I would -- cash flow is a piece of our compensation. I would call it a sliver, not a dominant piece, but it's important to us. And as you know, over the last couple of years, we've worked very hard at all elements of working capital. I think what we did in the fourth quarter was really systemically bring our inventories down to a level that we're pretty comfortable with, as opposed to it being a one-time initiative that bounces straight back in the first quarter and then you wait until the end of the year because, frankly to us, if we can't sustain an inherently lower level all year, we can't pay down debt and we can't realize the interest savings. So we looked at this from a very holistic point of view as an ongoing journey that we're going to need to improve on this year and next year, as opposed to squeezing this for a some kind of compensation.

S
Steve Oakland
President and CEO

Yeah. And Rob, I would suggest that we actually took -- you all see our executive comp stuff obviously, but we actually took cash flow into all of the incentive plans this year, and we saw a lot of focus on it. Having said that, we have a corresponding measure in the individual plans on customer service. And so the fact that customer service is weighed heavily as well doesn't allow you to just swing inventory down to make a comp number because you get dinged the other way if the customer service goes bad. So we think there's an opportunity. We think people are working really hard to do what they should get compensated for. We think it's an important balance sheet metric for us. But we have a check and balance in there when it comes to service.

R
Rob Moskow
Credit Suisse

I'll follow up on that later.
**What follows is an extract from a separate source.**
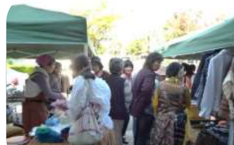
(2012年10月21日まるごと市 フリーマーケット)
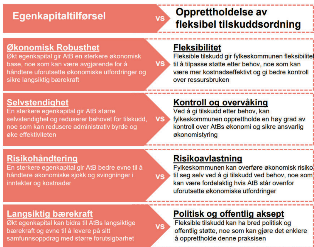
Figur 1 Egenkapitaltilførsel vs. opprettholdelse av fleksibel tilskuddsordning

Ifølge PwC er det mange hensyn som må balanseres i forholdet mellom AtB og Trfk. Figur 1 viser egenskaper ved egenkapitaltilførsel sammenlignet med å opprettholde dagens egenkapitalnivå og håndtere alle større økonomiske utfordringer politisk. Det vil i de fleste tilfeller dreie seg om ekstra tilskudd, garantier eller om det skal gjennomføres

A last question, your $0.09 dilution estimate for the sale of Snacks, are you reiterating that, or does that have to go a little bit higher for dilution?

M
Matthew Foulston
EVP and CFO

We don't have any reason to provide an update around that at this point in time.

S
Steve Oakland
President and CEO

Thank you. Well, I want to thank everybody for being with us today and our team for all the effort that went into this. We will have a chance to see many of you at CAGNY next week, which will be fun for TreeHouse, I know. I don't think TreeHouse has been at CAGNY in a while. So we look forward to seeing you all in person there and your questions and thoughts as we go forward. Have a great day.

Operator

The conference has now concluded. Thank you for attending today's presentation and you may now disconnect.